Isabel wondered what a detailed record of our day’s activities would look like—not a record of the sort that might appear in a diary: Went into town. Had lunch. That kind of thing gave a broad-brush account of what we did but did not list the really particular, the hundreds—tens of thousands probably—of little actions in a person’s day. We did such things all the time: tiny movements of the limbs as we sat in a chair or lay in bed, as she did now; little twitches, the flickering of the eyelids, the touching of the fingers, the inclining of the head. Those were nothing really—background noise, one might say—but they would all be religiously entered in this record of the day. And then there were the things we said—the speech acts, as philosophers called them—which ranged from the ums and ers, the muttered phrases of apology on bumping into somebody in a crowd, the meaningless expressions that lubricated our social dealings with one another. A transcript of our speech over the space of a day would make sobering reading, Isabel thought; and over a lifetime? What would we have said? What would it amount to? How much energy would we have wasted on the smallest of small talk; how many months would be filled with sheer nonsense?

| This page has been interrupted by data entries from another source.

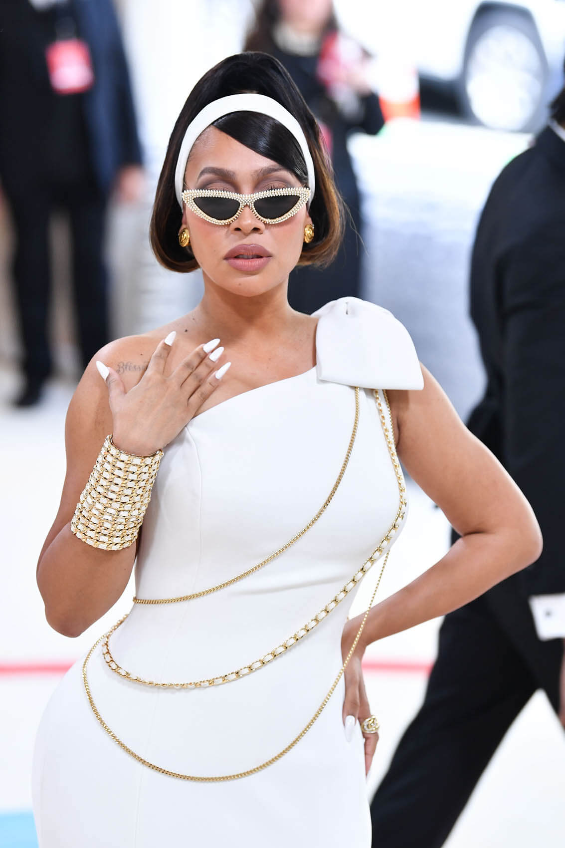 Sergio also dressed La La Anthony, who nailed the theme. It was more of a 60s aesthetic with that classic Chanel sportswear sensibility. The hairstyling was right and the way La La was posing on the carpet looking out above her glasses? Perfect.
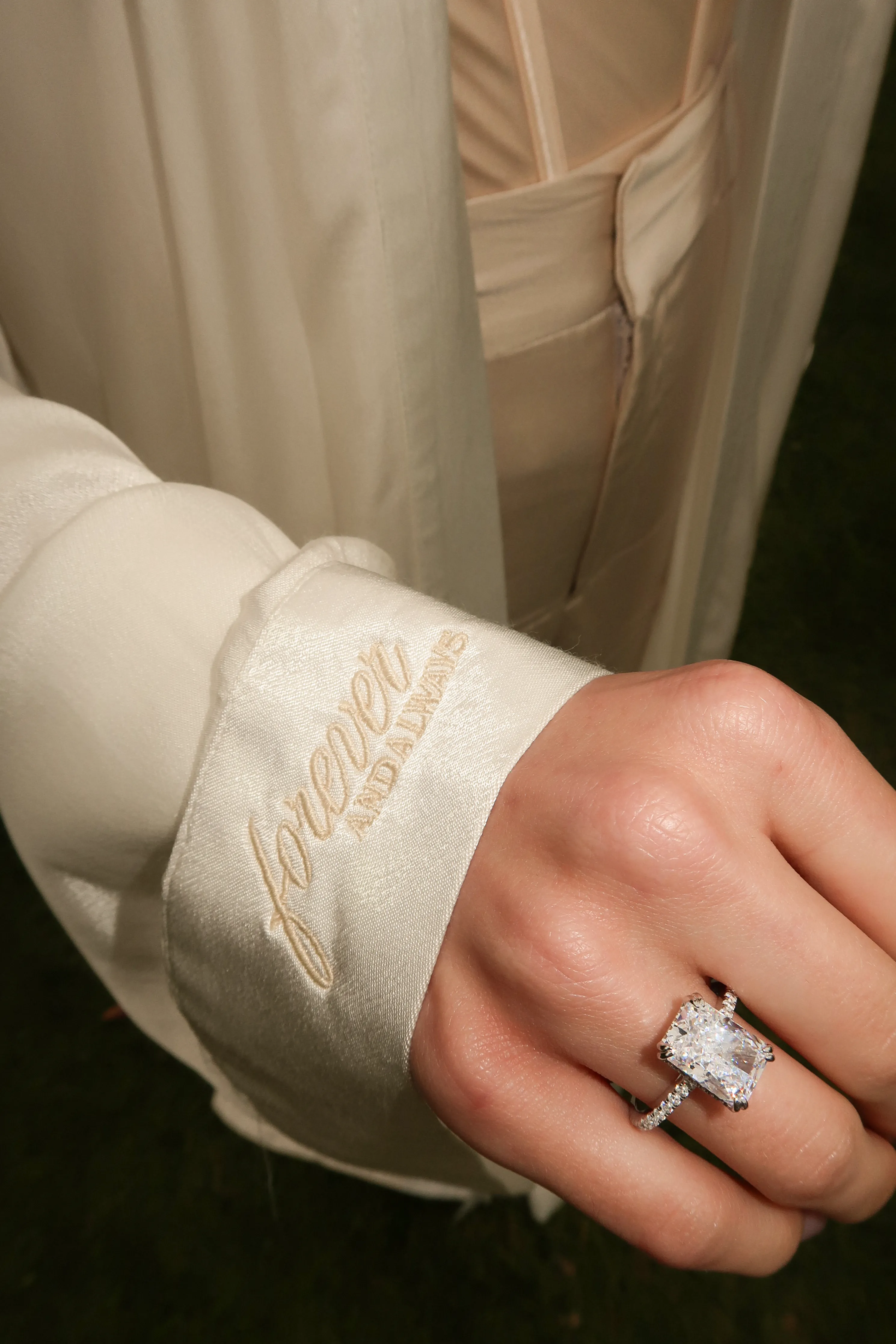 Designed for the JLUXLABEL Bridal Collection. Feel like you’re dreaming with the Champagne Forever And Always Satin Robe, now offering custom embroidery for an unforgettable personal touch. Prepare for your big day in style with this sleek satin robe, featuring a collarless neckline, drop shoulders, and relaxed three-quarter sleeves. Complete with an open-front design, welt pockets, belt loops, and a matching sash tie. Pair with our Amour Satin Top and Ever After Satin Trousers for the full look. Single-lined with no stretch.
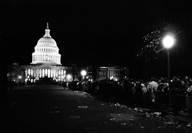 Com o iluminado Capitólio dos EUA em segundo plano, os enlutados formam uma fila interminável que durou a noite toda, para prestar homenagem ao presidente morto John F. Kennedy, em Washington, Distrito de Columbia, em 24 de novembro de 1963.
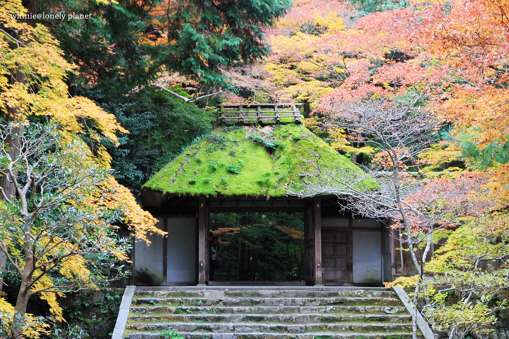 苔蘚覆蓋了整片山門屋頂,彷如古畫
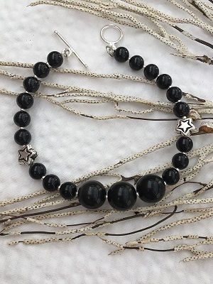 Обсидиан принадлежит стихии Земля, поэтому он идеально сочетается с самоцветами этой стихии: нефрит, агат, яшма, бирюза. Обычно эти самоцветы встречаются в мужских и женских браслетах и бусах.
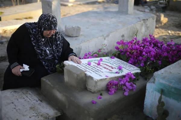 حاول أحد المواطنين من قطاع غزة الحصول على بصمة امه المتوفية على إحدى الأوراق داخل أحد القبور شرق مدينة غزة في اولى لحظات دفنها.
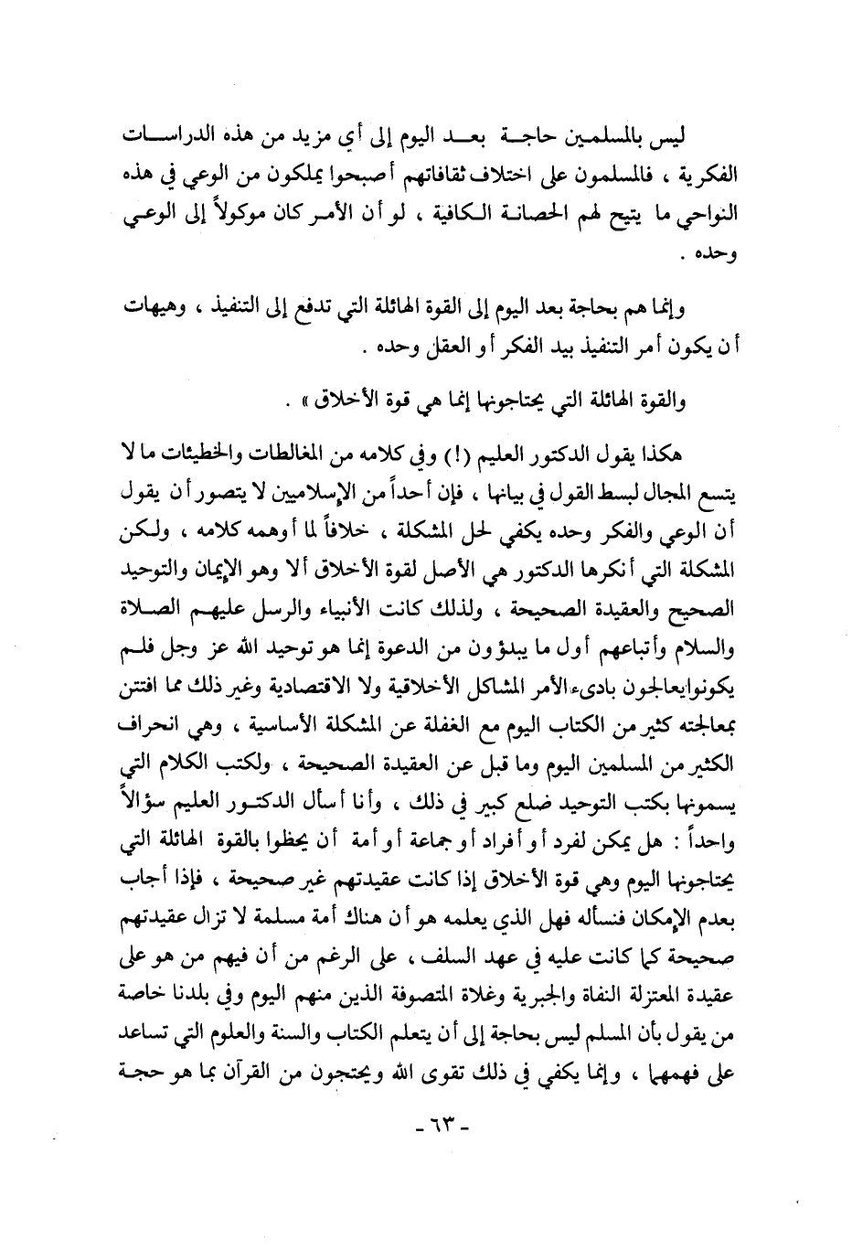 هكذا يقول الدكتور العليم "! " وفي كلامه من المغالطات والخطيئات ما لا يتسع المجال لبسط القول في بيانها, فإن أحدا من الإسلاميين لا يتصور أن يقول أن الوعي والفكر وحده يكفي لحل المشكلة, خلافا لما أوهمه كلامه, ولكن المشكلة التي أنكرها الدكتور هي الأصل لقوة الأخلاق ألا وهو الإيمان والتوحيد الصحيح والعقيدة الصحيحة, ولذلك كانت الأنبياء والرسل عليهم الصلاة والسلام وأتباعهم أول ما يبدؤون من الدعوة إنما هو توحيد الله عز وجل, فلم يكونوا يعالجون بادئ الأمر المشاكل الأخلاقية ولا الاقتصادية وغير ذلك مما افتتن بمعاجلته كثير من الكتاب اليوم مع الغفلة عن المشكلة الأساسية, وهي انحراف الكثير من المسلمين اليوم وما قبل عن العقيدة الصحيحة, ولكتب الكلام التي يسمونها بكتب التوحيد ضلع كبير في ذلك, وأنا أسأل الدكتور العليم سؤالا واحدا: هل يمكن لفرد أو أفراد أو جماعة أو أمة أن يحظوا بالقوة الهائلة التي يحتاجونها اليوم وهي قوة الأخلاق إذا كانت عقيدتهم غير صحيحة فإذا أجاب بعدم الإمكان فنسأله فهل الذي يعلمه هو أن هناك أمة مسلمة لا تزال عقيدتهم صحيحة, كما كانت عليه في عهد السلف على الرغم من أن فيهم من هو على عقيدة المعتزلة النفاة والجبرية وغلاة المتصوفة الذي منهم اليوم, وفي بلدنا خاصة من يقول بأن المسلم ليس بحاجة إلى أن يتعلم الكتاب والسنة والعلوم التي تساعد على فهمهما, وإنما يكفي في ذلك تقوى الله ويحتجون من القرآن بما هو حجة
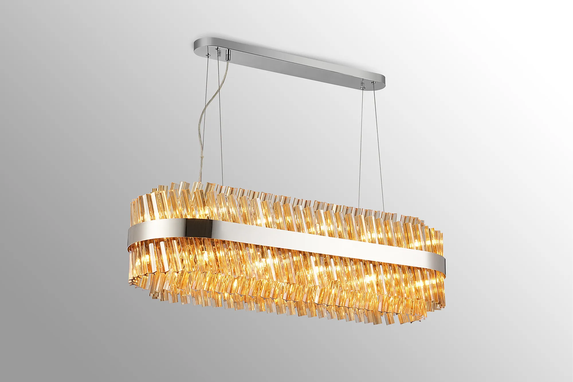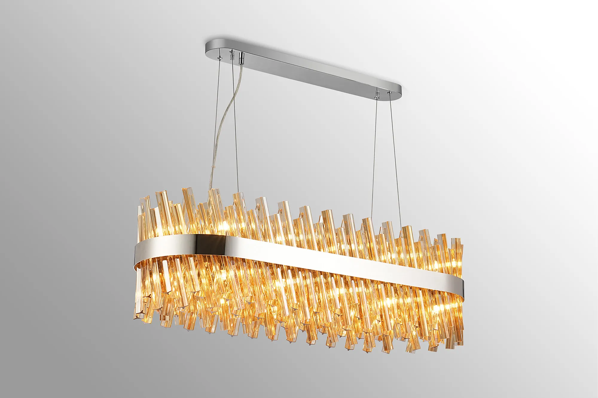 Brant 5 Tier 25cm + 40cm + 60cm + 80cm + 1m Pendant, 6 + 10 + 18 + 24 + 32 Light G9, Polished Nickel/Amber
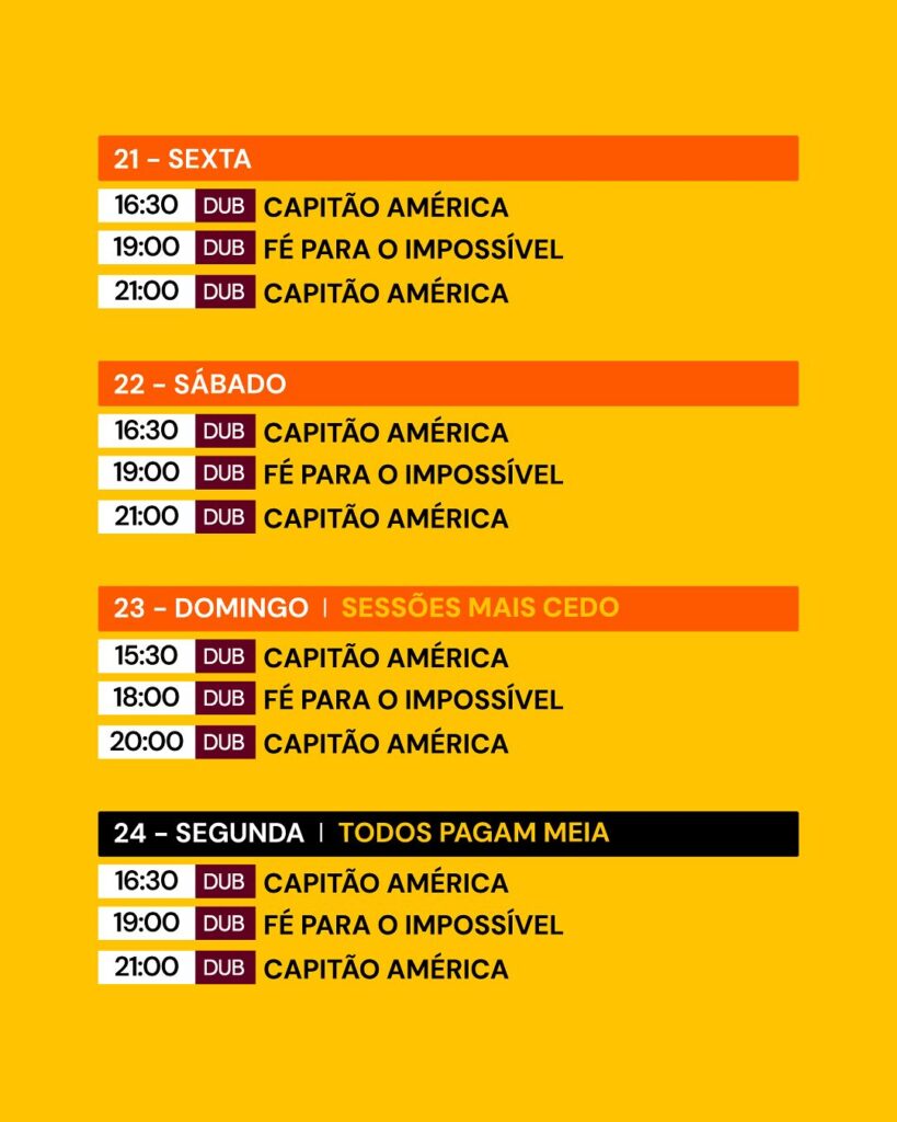 Até a próxima segunda-feira (24), o Cinema Santa Fé do Sul exibirá dois filmes: Capitão América: Admirável Mundo Novo, da Marvel Studios, e a estreia da semana, Fé para o Impossível.
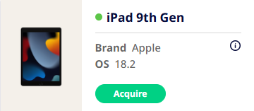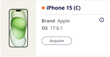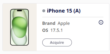 - Online: Device is available to be acquired as denoted by a green indicator and an interactive 'Acquire' button underneath the device.
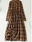 Mujer Vestido Midi Vestido de una línea Casual Diario Ajuste regular Plaid Manga 3/4 Cuello Barco Azul Piscina Rojo Marrón Primavera Otoño Invierno
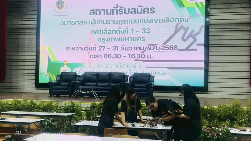NT ได้ดำเนินการติดตั้งระบบ และอุปกรณ์สื่อสารที่เกี่ยวข้องกับภารกิจดังกล่าว เพื่อรองรับการรับสมัครสมาชิกสภาผู้แทนราษฎรแบบแบ่งเขตเลือกตั้ง ครอบคลุมพื้นที่ 400 เขต 77 จังหวัด ก่อนวันรับสมัครในวันที่ 27 ธันวาคม 2568 และการรับสมัครสมาชิกสภาผู้แทนราษฎรแบบบัญชีรายชื่อ ก่อนวันรับสมัครในวันที่ 28 ธันวาคม 2568 ณ ห้องประชุมวายุภักษ์ฮอลล์ ชั้น 4 โรงแรมเซ็นทารา ไลฟ์ ศูนย์ราชการ เขตหลักสี่ กรุงเทพมหานคร รวมถึงการติดตั้งระบบและอุปกรณ์ ณ ศูนย์อำนวยการและประสานงานการเลือกตั้งประจำเขตอำเภอ จำนวน 1,151 แห่งทั่วประเทศ
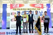 한국시사경제 전북취재본부 | 장수군은 지난 23일 장수종합경기장에서 개최된 의암주논개 탄신 제451주년 기념 제58회 장수군민의 날 기념식·제57회 장수군민 체육대회를 성공리에 마무리했다. 장수군민의 날 기념식과 장수군민 체육대회는 우리 군의 대표적인 역사 인물인 의암 주논개의 정신을 되새기기 위해 주논개 탄신일인 음력 9월 3일에 맞춰 해마다 개최된다. 이날 행사는 최훈식 군수를 비롯해 최한주 장수군의회 의장과 의원, 관내 기관·사회단체장, 지역주민, 선수단 등 1,000여 명이 참석하여 그 의미를 더했다. 기념식은 식전공연을 시작으로 △선수단 입장식 △국민의례 △군민헌장 낭독 △시상(군정발전유공자 표창, 장수군 명예군민증 수여, 장수군민의 장) △기념사 및 축사 △논개상 추대자 소개 순으로 진행됐다. 수상자는 지역의 명예를 드높이고 지역 발전에 앞장서 온 정연길(이티바이오텍 대표), 이수민(NH농협 장수군출장소장) 씨에 대한 군정발전유공 시상이 이뤄졌으며 김준오 NH농협 전 장수군지부장은 장수군 명예군민증을 수여 받았다. 또한 제43회 장수군민의 장 수상자인 문화체육장 오재영(남·7

And then, as often as not, when the time came to talk, really to talk, we were tongue-tied, as could happen to people at the bedsides of the dying, when there was an urgency that cried out for big things to be said, and we found that we could say very little, or that tears made it impossible to speak. Isabel remembered once visiting an aunt on her father’s side who did not have long to live; she had wanted to thank her for her generosity to her as a girl, and although she had managed to say the words that expressed her gratitude, the aunt, known for her coruscating wit, had simply said, “Flattery will get you everywhere,” and later that afternoon had died. But at least she had been thanked. “Flattery will get you everywhere” were memorable last words, if indeed the aunt had said nothing more after Isabel left her bedside, which she thought was probably the case. It would be a perfectly presentable final sentence, although not as witty, perhaps, as Oscar Wilde’s gazing in dismay at the decoration surrounding his deathbed and saying, by way of farewell, “Either that wallpaper goes or I do.”